Millport Town Hall, Courtesy David Barbour
Millport Town Hall, Courtesy David Barbour

“There’s often this tension between balancing a conservation approach with much needed energy improvements,” says O’Donnell who is currently working towards becoming a conservation accredited architect. For the practice, conservation and retrofitting aren’t separate specialties, she says, since the same principles of understanding the significance of site and structure, such as repairing before replacing, retaining embodied carbon and designing for reversibility, are the same. “Taking a conservation approach to projects should be the default approach, encouraging us to look more closely, intervene minimally, and make long-term decisions that respect heritage and sustainability.”

Before I leave, the architects take me to see their progress on the Govan Graving Docks site on the south side of Glasgow. A 22-acre historic shipbuilding site that has been vacant since the late 80s, it is slowly being transformed to include a new riverside park, 304 homes along its southern perimeter, a waterside trail, and historic ship repair facilities in one of the former dry docks.
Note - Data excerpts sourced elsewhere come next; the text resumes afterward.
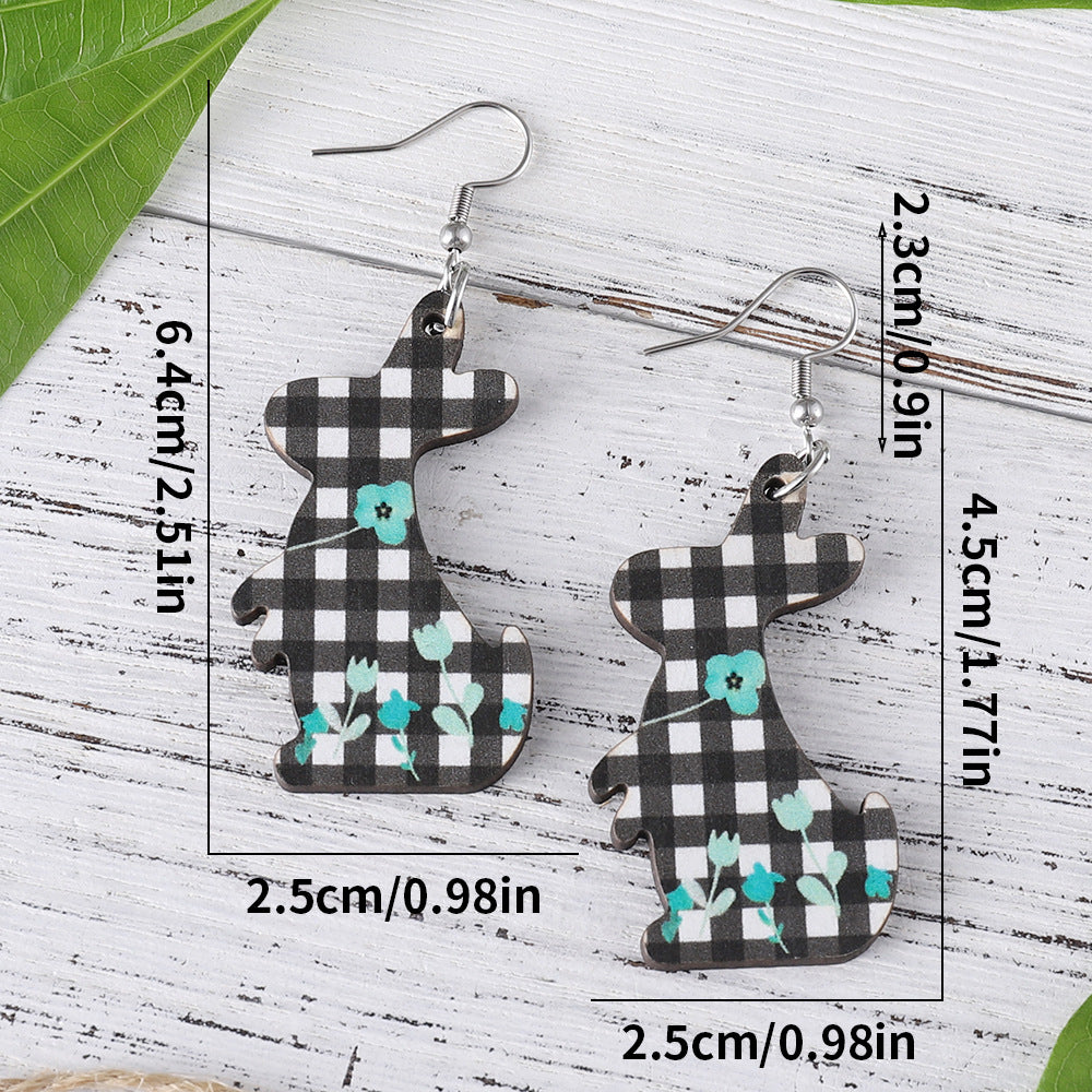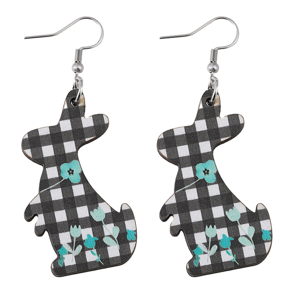 Wholesale Easter Black and White Check Flower Bunny Pendant Earrings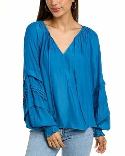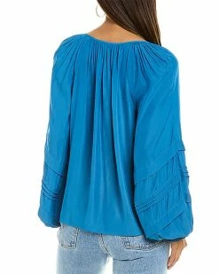 - Naples Top in true blue with blouson sleeves, pleated trim, and smocked cuffs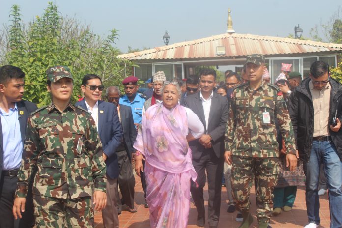 भैरहवा । आसन्न निर्वाचन केन्द्रीत बिषयमा सुरक्षा निकायसँगको छलफल पछि नेपाली सेनाको हेलिकोप्टरबाट बुद्ध जन्मस्थल लुम्बिनी पुगेकी प्रधानमन्त्री शुशिला कार्कीले लुम्बिनीस्थित ऐतिहासिक तथा पुरातात्विक सम्पदाहरुको अवलोकन गर्नुभएको छ ।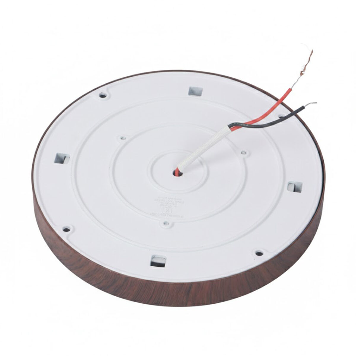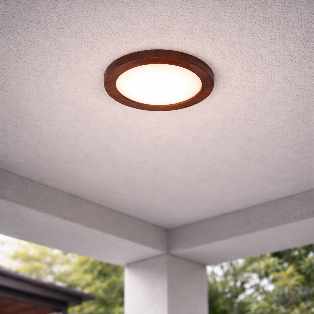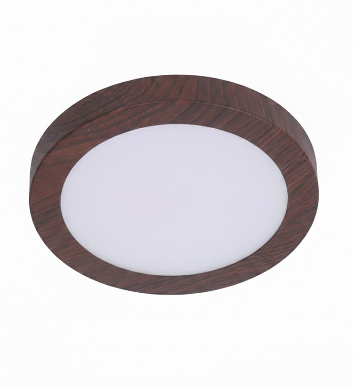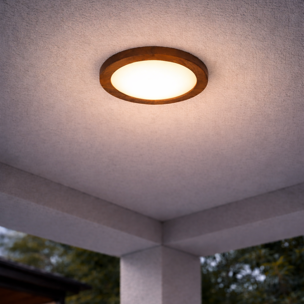 Wooden finish square LED surface ceiling light with warm white (yellow) light output. Can be used both indoors and outdoors.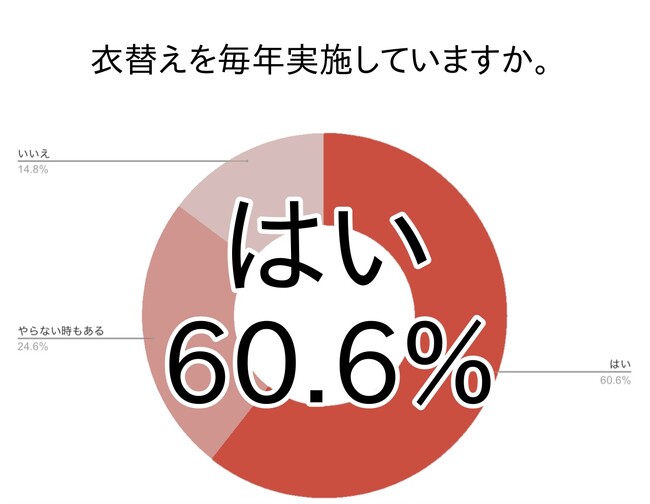 関東地域では、はい(衣替えを毎年実施している)と答えた方が最も多く、6割強(60.6%)でした。一方で、やらない時もある(24.6%)・いいえ(していない・14.8%)と答えた方を合わせると4割弱(38.5%)の方が衣替えをしない時があると答えていました。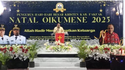 FAKFAK, Redaksi.co — Bupati Fakfak Samaun Dahlan bersama Wakil Bupati Donatus Nimbitkendik menghadiri Ibadah Natal Oikumene 2025 yang digelar Pengurus Hari-Hari Besar Kristen (PHBK) Kabupaten Fakfak, Senin (29/12/2025).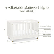 - GROWS WITH BABY: Our cribs have 4 adjustable mattress positions to help transition as your baby grows and develops from newborn to toddler. Easily lower the mattress position as your baby begins to sit, pull up, and stand.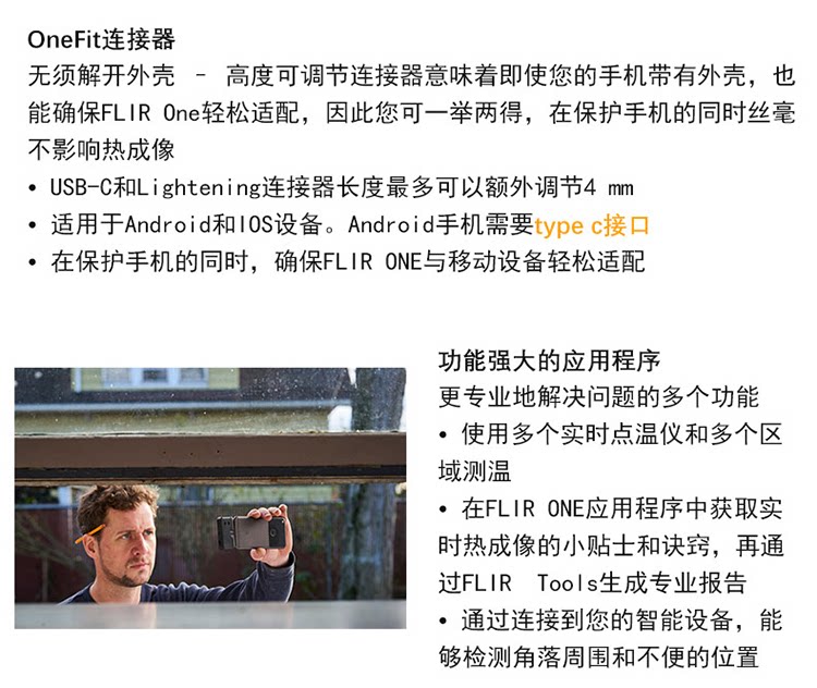 Flir One Flir One Pro за пределами мобильного телефона, чтобы подключить инфракрасное тепловое изображение.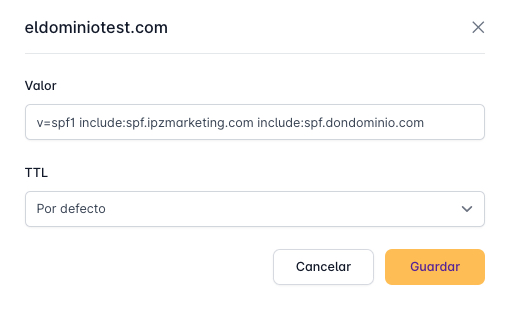 El registo SPF, ya existe, y en lugar de crear un nuevo registro, debemos identificar y "modificar" el registro, para cambiar su valor por el que nos indica MailRelay.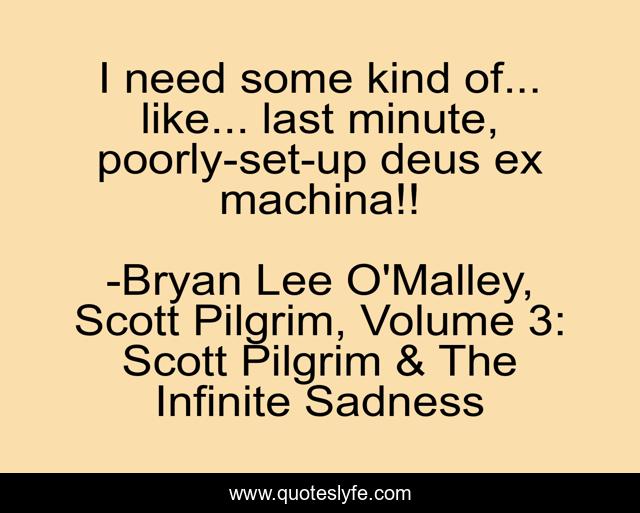 This page presents the quote "I need some kind of... like... last minute, poorly-set-up deus ex machina!!". Author of this quote is Bryan Lee O'Malley, Scott Pilgrim, Volume 3: Scott Pilgrim & The Infinite Sadness. .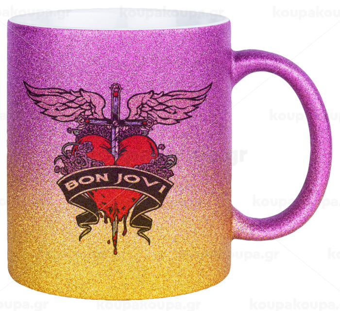 Bon Jovi, Κούπα Χρυσή/Ροζ Glitter, κεραμική, 330ml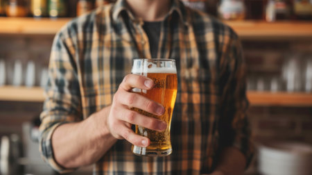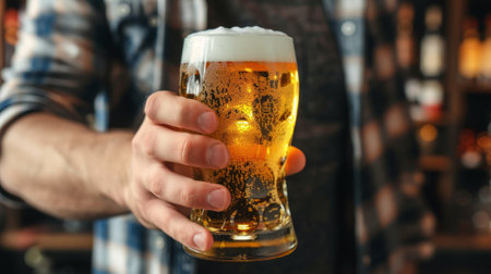 Refreshing Moments: Bartender Holding a Freshly Tapped Glass of Beer with Ample Copy Space. Generative AI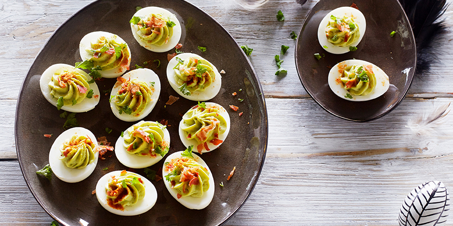 5. Leg de halve eieren op een schaal met de snijkant naar boven. Schep de vulling in een spuitzak en vul de eieren ermee of schep met een theelepel het mengsel in de eieren. Bestuif met een snufje cayennepeper.

At least two previous planning applications post 2,000 had failed (one, somewhat shockingly, “included infilling the docks as parking silos” says O’Donnell), so when the practice started working on the masterplan for Govan Graving Docks back in 2020, it spent almost three years having conversations and running workshops with over 20 local organizations and various government and city institutions to understand what they really wanted. “Like many of the projects we work on it’s been about that intersection of relationships that enables something to gain traction,” says O’Donnell. “We thrive in that space where we have to unstick things to move forward.”

A labeled site plan of Govan Graving Docks, showing proposed features including residential, heritage park, active travel routes, docks, and a riverside park.